Dr De Silva was also forced to stop working for the duration of her pregnancy.

"It can affect many aspects of your life," she said.

"I was on one of the medications that made it really difficult for me to drive, I didn't feel safe driving because I felt quite dizzy and a bit unsteady on my feet.

"Also I was quite frequently fainting, unfortunately, so that wasn't safe."

Dr De Silva's work colleagues prepared a celebration for her the day before her caesarean delivery. (Supplied: Dr Rangi De Silva)

Research and at-home support

Dr De Silva said the onset of HG also happens in the early stages of pregnancy, before 12 weeks, when women have not yet revealed their pregnancy to their employer or visited a doctor.

She said women living in remote areas or from non-English-speaking backgrounds were particularly vulnerable when dealing with the illness.

In the Northern Territory, where Ms Grantham and Ms McDonald live, there is no dedicated funding for the condition or at-home support.

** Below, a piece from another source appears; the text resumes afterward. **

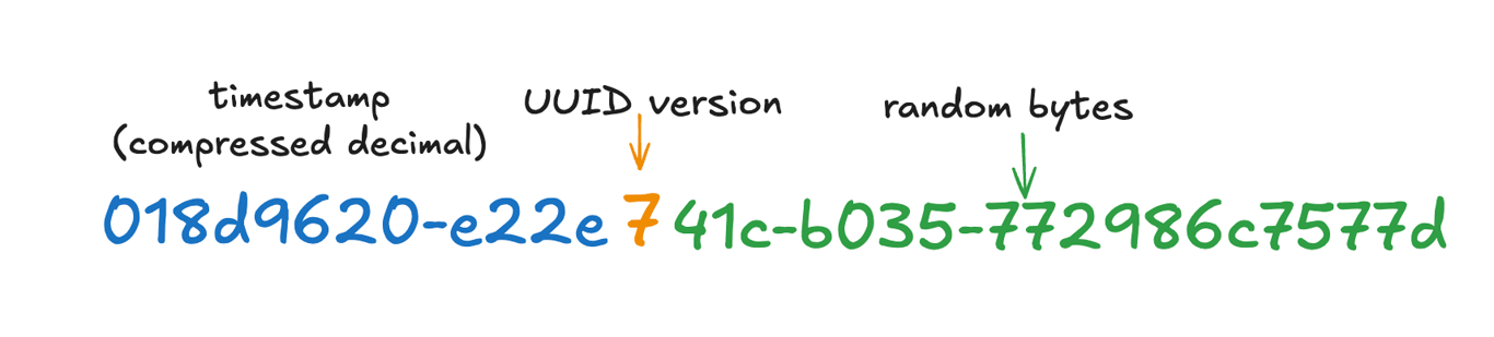 2024년 중반, 일련의 표준 업데이트를 통해 UUID v7 표준이 나왔습니다. 기존에 Postgres가 네이티브로 지원하던 버전은 UUIDv4였습니다. 하지만 큰 테이블에서의 정렬과 인덱싱은 높은 무작위성 때문에 성능 문제가 있었고, 인덱스 단편화와 낮은 지역성으로 이어졌습니다. UUIDv7은 이러한 정렬/인덱싱 문제를 개선합니다. 여전히 무작위성을 가지지만, 처음 48비트(16진수로 12자)는 타임스탬프이고 나머지 비트는 랜덤입니다. 덕분에 비슷한 시점에 삽입된 데이터는 지역성이 좋아져 인덱스 효율이 향상됩니다.

The NT health department said in a statement to the ABC: "The majority of care for this issue is provided to women in primary (GP) and community care settings.

Bree McDonald had to take extended periods of leave from work without pay. (ABC News: Felicity James)

"A very small number of women may require acute care, such as an admission to hospital for monitoring."

Ms McDonald said at-home support for women with HG would be a huge help, especially because many women living in Darwin have families elsewhere.

"Someone mobile that would be able to come to your house, if you're so sick and you can't move or you can't drive," she said.

"There's so many families that are FIFO families or they're defence families."

"A lot of people are up here on their own or they're away from family and it's such a transient place, so it's been definitely hard."

In November 2020, the NSW government announced it would put $17 million towards education and research into the condition, including a $1.2 million research grants program — no recipients have been chosen yet.

Dr De Silva said more research on diagnosis, causes and how to improve the available medications and treatment was needed. 

She plans to do her own research on healthcare providers' perceptions about the best treatment and management of HG this year, in collaboration with support organisation Hyperemesis Australia.

Dr De Silva's hospital colleagues recorded her HG admission statistics. (Supplied: Dr Rangi De Silva)

She also wants the confusion with morning sickness to end.

"That's really common," she said.

"I think most people with HG hear the words morning sickness and find it triggering.

"It's not just in the morning and morning sickness implies that it's just very mild and easy to brush off and it may be a 'normal part of pregnancy', but it certainly isn't."